Independent bottlings have a way of revealing distilleries that the big blending houses would rather keep quiet. Braeval is one of those names — a Speyside workhorse that rarely sees the spotlight as a single malt, which makes any solo release worth paying attention to. This 16-year-old expression from Gleann Mòr's Rare Find series is bottled at a formidable 62% ABV, cask strength, with a bourbon barrel finish. At £118, it sits in that interesting middle ground where you're paying for genuine age and an uncompromising bottling strength without the collector's premium that inflates so many independent releases these days.
What strikes me immediately about this whisky is the confidence of the presentation. Cask strength at 62% is not for the faint-hearted, and Gleann Mòr have clearly decided to let the spirit speak for itself — no dilution, no hedging. A bourbon finish on a Speyside malt of this age suggests the bottler was chasing a particular profile: those classic American oak notes of vanilla and gentle sweetness layered over whatever character sixteen years in wood have built. It is an approach I tend to respect. Let the cask do its work, then get out of the way.
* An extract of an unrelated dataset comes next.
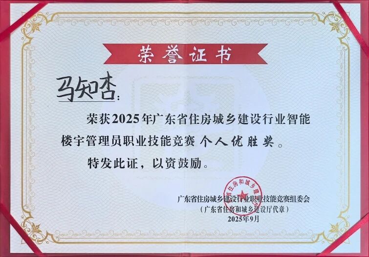 9月16日至18日,由廣東省住房城鄉(xiāng)建設(shè)廳、省人社廳聯(lián)合主辦的2025年廣東省住房城鄉(xiāng)建設(shè)行業(yè)智能樓宇管理員職業(yè)技能競(jìng)賽在清遠(yuǎn)舉行。此次競(jìng)賽規(guī)模盛大,共有31支代表隊(duì)、93名選手同場(chǎng)競(jìng)技。樓宇科技胡治豪、馬知杏以及廣州公司賀炳林三人代表招商積余出征。
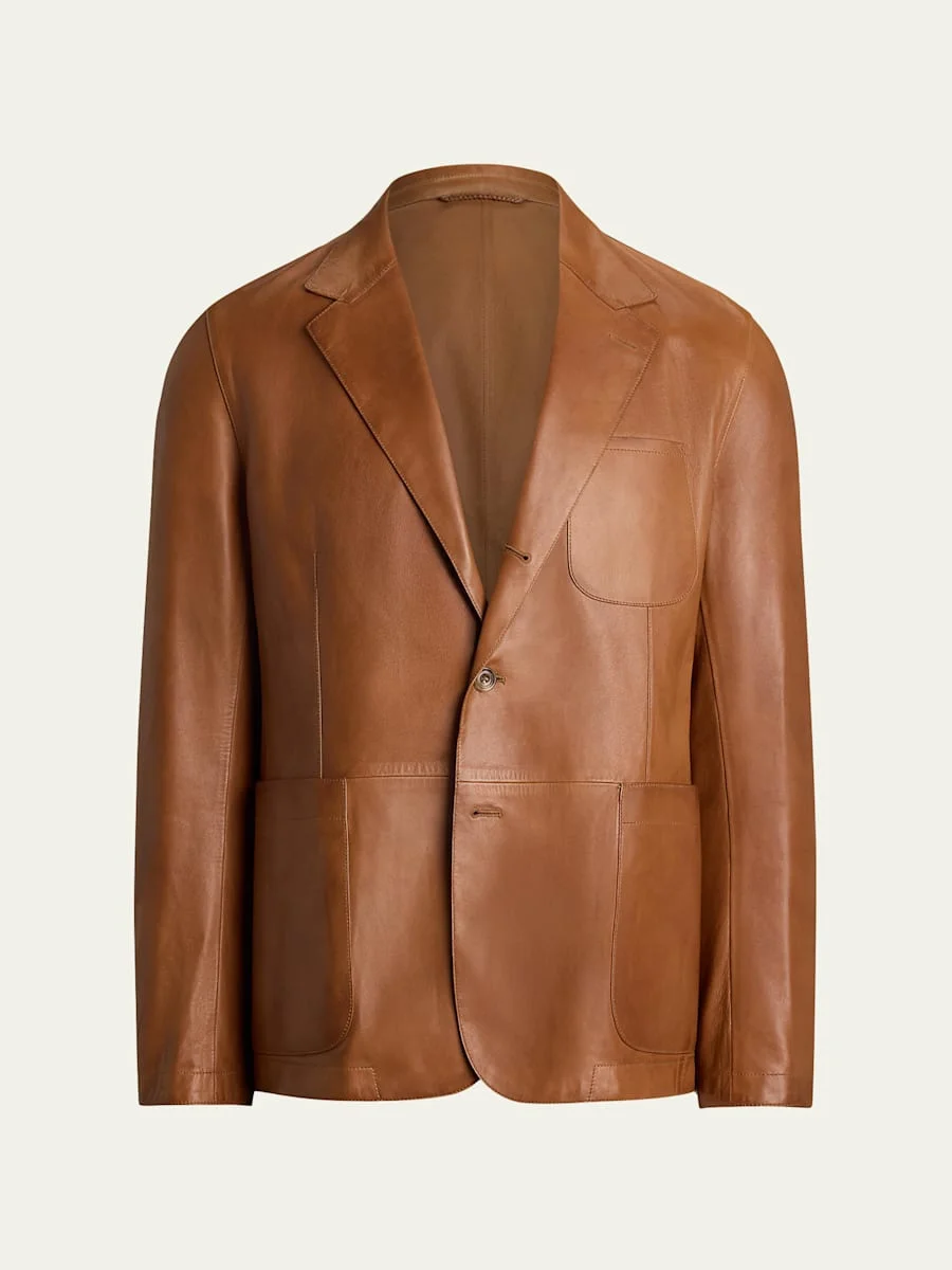 Ralph Lauren Purple Label sport coat stylized in premium leather for unique character Notched lapels Singlebreasted front Three front patch pockets Long sleeves Doublebutton cuffs Singlevented back Leather Made in Italy

Braeval sits high in the Braes of Glenlivet, and while its output has historically disappeared into blended Scotch, the few independent bottlings that surface tend to reward the curious drinker. A Speyside single malt with this kind of age statement and bottling strength is increasingly uncommon at this price point. The market has moved, and not in the consumer's favour. Finding a 16-year-old cask strength malt under £120 feels like something of a quiet victory.
Tasting Notes
I'll be honest — with a whisky at this strength, your experience will shift dramatically depending on how you approach it. Neat, this will be intense and demanding. With a few drops of water, expect it to open considerably. The bourbon finish should bring warmth and a certain roundness that complements the typically clean, slightly fruity character associated with Speyside malts of this style. I would encourage anyone picking up a bottle to spend time with it over several sessions. Cask strength whisky rewards patience.
The Verdict
This is a whisky that earns its place on the shelf through substance rather than spectacle. Sixteen years of maturation, an honest cask strength bottling, and a price that hasn't been inflated beyond reason — Gleann Mòr have put together a release that respects both the spirit and the drinker's wallet. I'm scoring this an 8.3 out of 10. It loses nothing for being unfamiliar; if anything, the relative obscurity of Braeval as a single malt makes this more interesting, not less. You're getting a genuine Speyside malt with real age, real strength, and real character. That is harder to find than it should be.
Best Served
Pour it neat first — always — then add water slowly, a few drops at a time. At 62%, this whisky will transform with dilution, and finding your preferred balance is half the pleasure. A teaspoon of water is a sensible starting point. If you're feeling adventurous, this strength and bourbon-cask profile would make a tremendous Highball with good soda water, though I suspect most buyers will want to savour it slowly. A proper Glencairn glass, no ice, an unhurried evening.